I'd even go so far as to say that the soloability of the game is one of the important aspect of the experience that Blizzard made as the focus of WoW. I think this goes along with the order/chaos thing pretty well, since soloing makes it easier to impose order on the play experience. Other players are inherently chaotic they're not as easy to predict or control. Encouraging people to play alone made it easier to impose an orderly experience; in fact, a lot of the experience was disrupted if you bothered to play with friends in some cases (like rescuing Sharpbeak in the old world).

I think this is part of what's driving the nostalgia we've seen in the last few years. People want a bit of chaos to stir things up. Grouping, sandbox gameplay, user created content, etc. are all things that could do this. Something needs to happen, otherwise MMOs will stagnate to death.

4:05 PM  
Blogger Toldain said...

@Brian,

I think maybe we are arguing semantics of "chaos" and "order". I submit that it isn't order as such that made WoW successful, but the right kind of order.

I see your point about "humans are inherently chaotic". It goes double when they are playing a game, as opposed to working at a job or something.

As to "The Vision(tm)" I was too much of a clueless noob in my EQ days to really follow this, but I remember things like them saying that they had never thought of such things as feign death pulling and quad kiting. And I remember that you could have certain abilities that were nice, but had very little scope to be used, after the nerf bat came through. Think lock picking and poisons, for example.

I don't think MMOs will die, we are social creatures, we like doing stuff with each other. I think we may be in for a fallow period, though, as we figure out new ways to organize online activities and organize ourselves.

4:26 PM  
Anonymous Brian 'Psychochild' Green said...

Well, I'm using order in the same way as the Terra Nova piece, and as I discussed on my own blog. Whereas the older games had a much more open and wild feeling to them, WoW gave people a very directed and scripted experience. Not to say that you couldn't go off the rails (and sometimes be rewarded with a little something special), but the intended experience was a lot more focused. Hell, WoW had something you could call the "intended experience", whereas it was a lot of other games practically dropped you into the world with no direction at all.
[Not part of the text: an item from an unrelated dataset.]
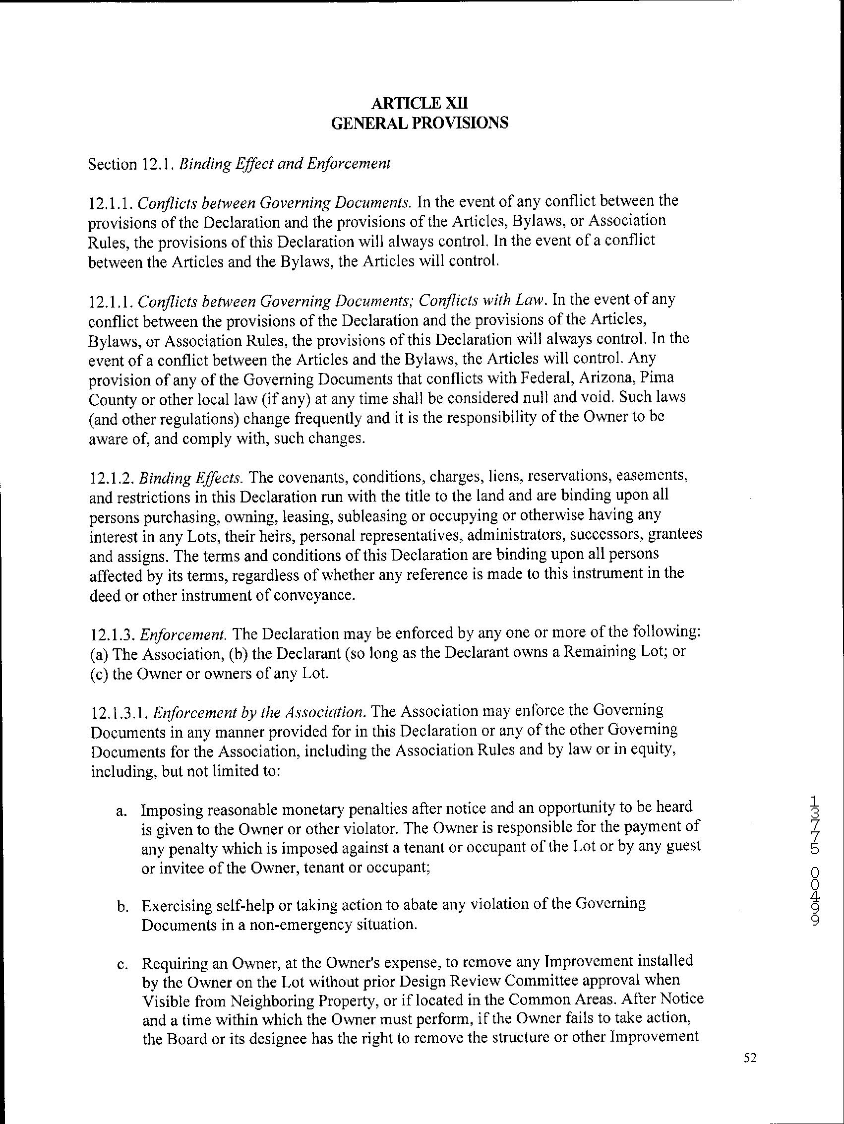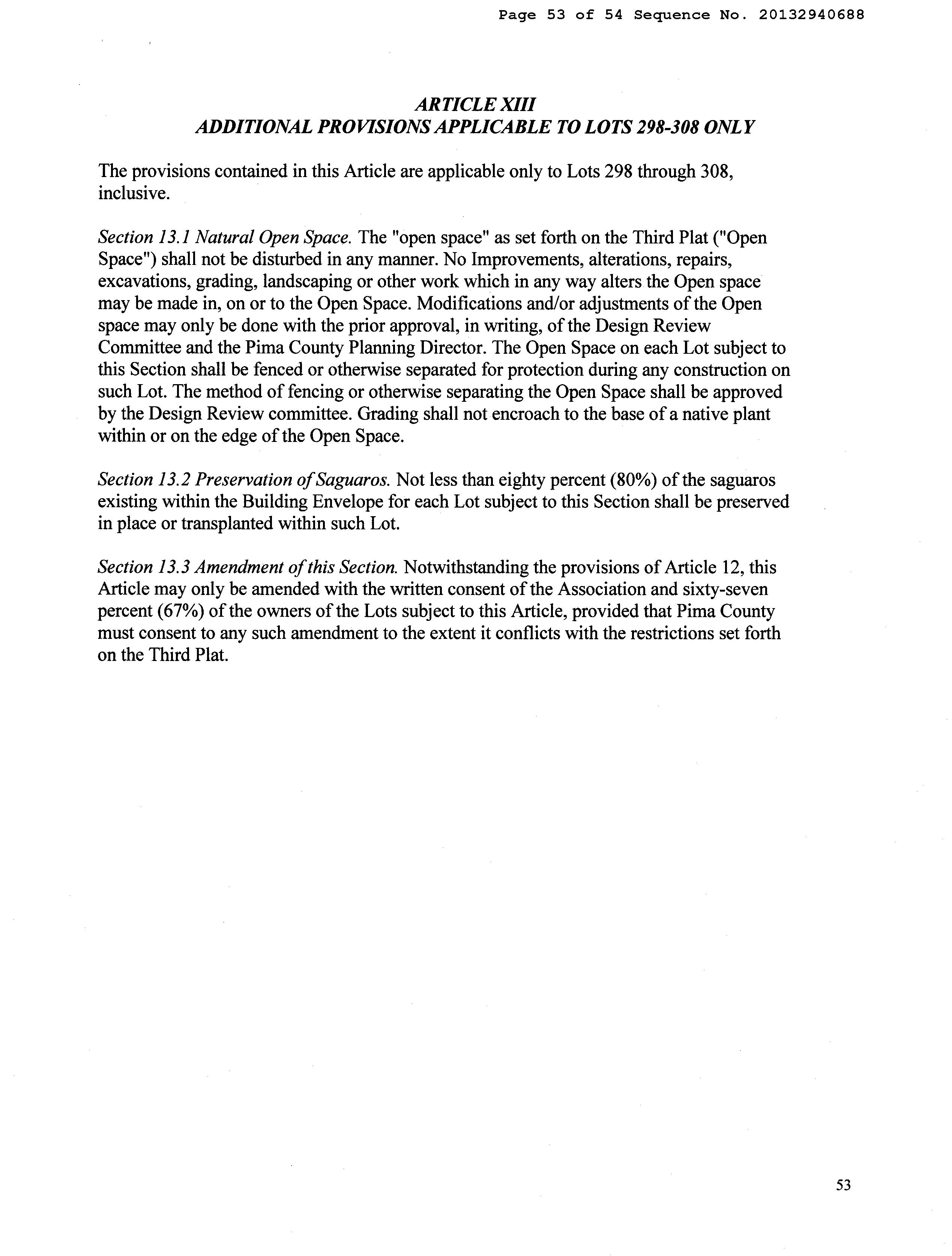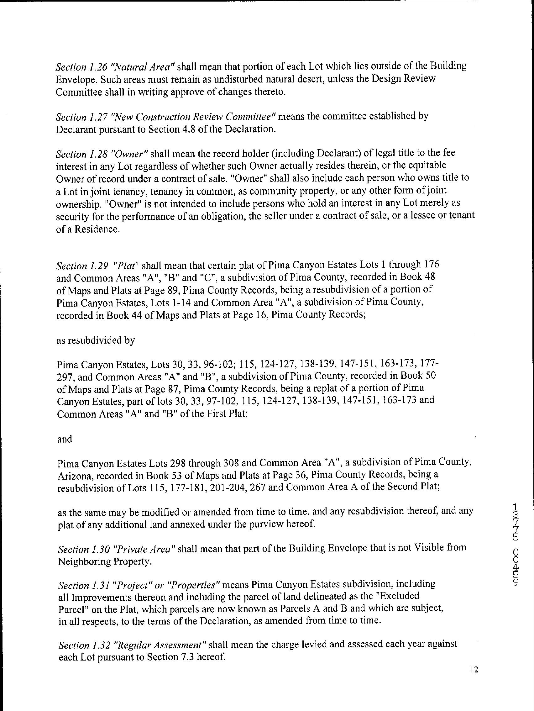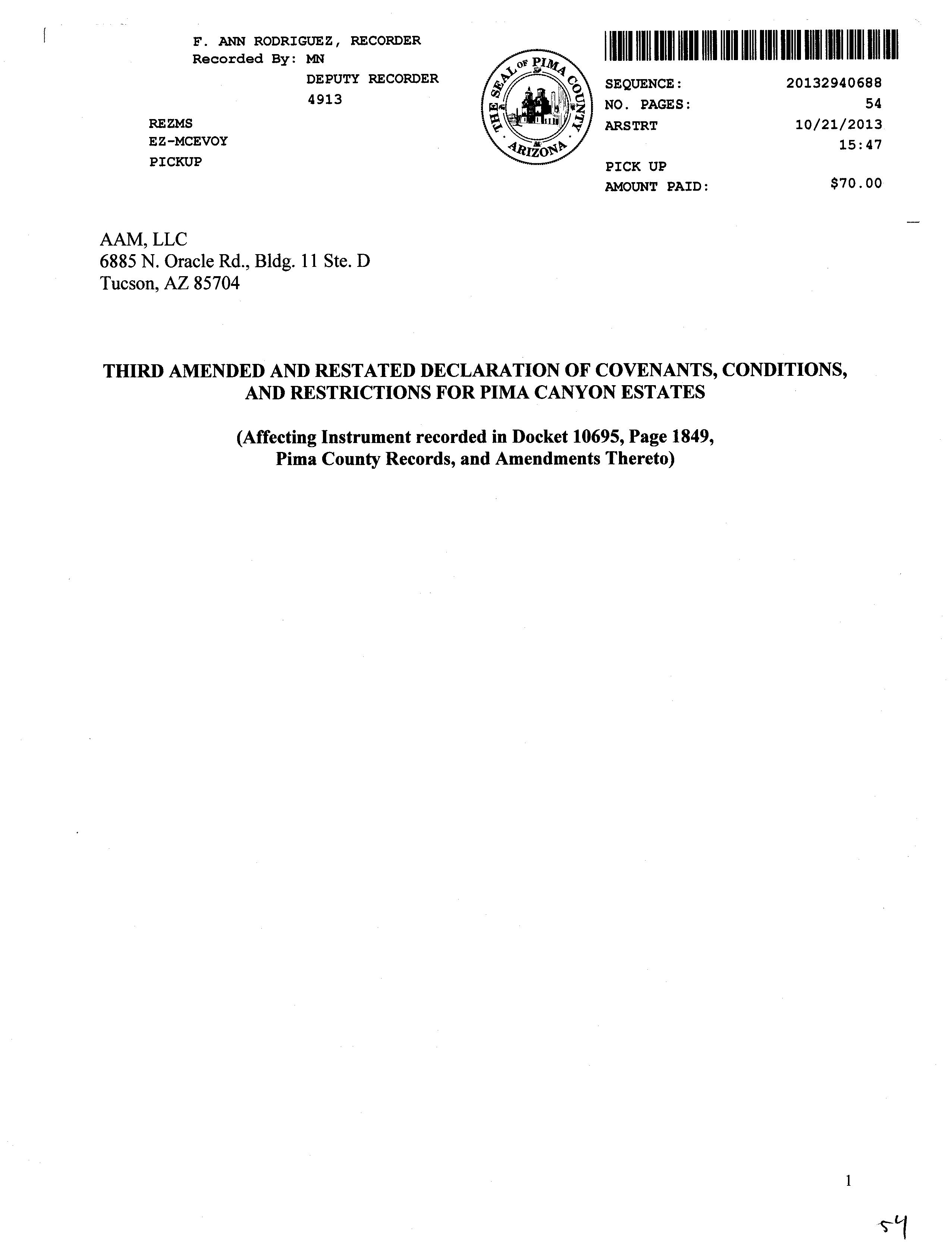 ©2021 First American Financial Corporation and/or its affiliates. All rights reserved. NYSE: FAF 05252610821 COVENANTS, CONDITIONS & RESTRICTIONS PREPARED FOR : First American Title Insurance Company, and the operating divisions thereof, make no express or implied warranty respecting the information presented and assume no responsibility for errors or omissions. First American, the eagle logo, First American Title, and firstam.com are registered trademarks or trademarks of First American Financial Corporation and/or its affiliates. 7973 North Pima Village Court Tucson, AZ 85718

The problem with such order is that this experience is hard to repeat without being a clone. That's why we've seen the MMOs we have in the past few years.

I'm not so sanguine on MMOs. Yeah, maybe they'll just go dormant for a while. But, I think social games are showing that there's a serious chance that other games will come along and scratch that "online social" itch. Maybe eventually we'll see some indie projects get some positive attention, but it seems like people would rather post how they're "tired of" MMOs rather than trying to support something unique.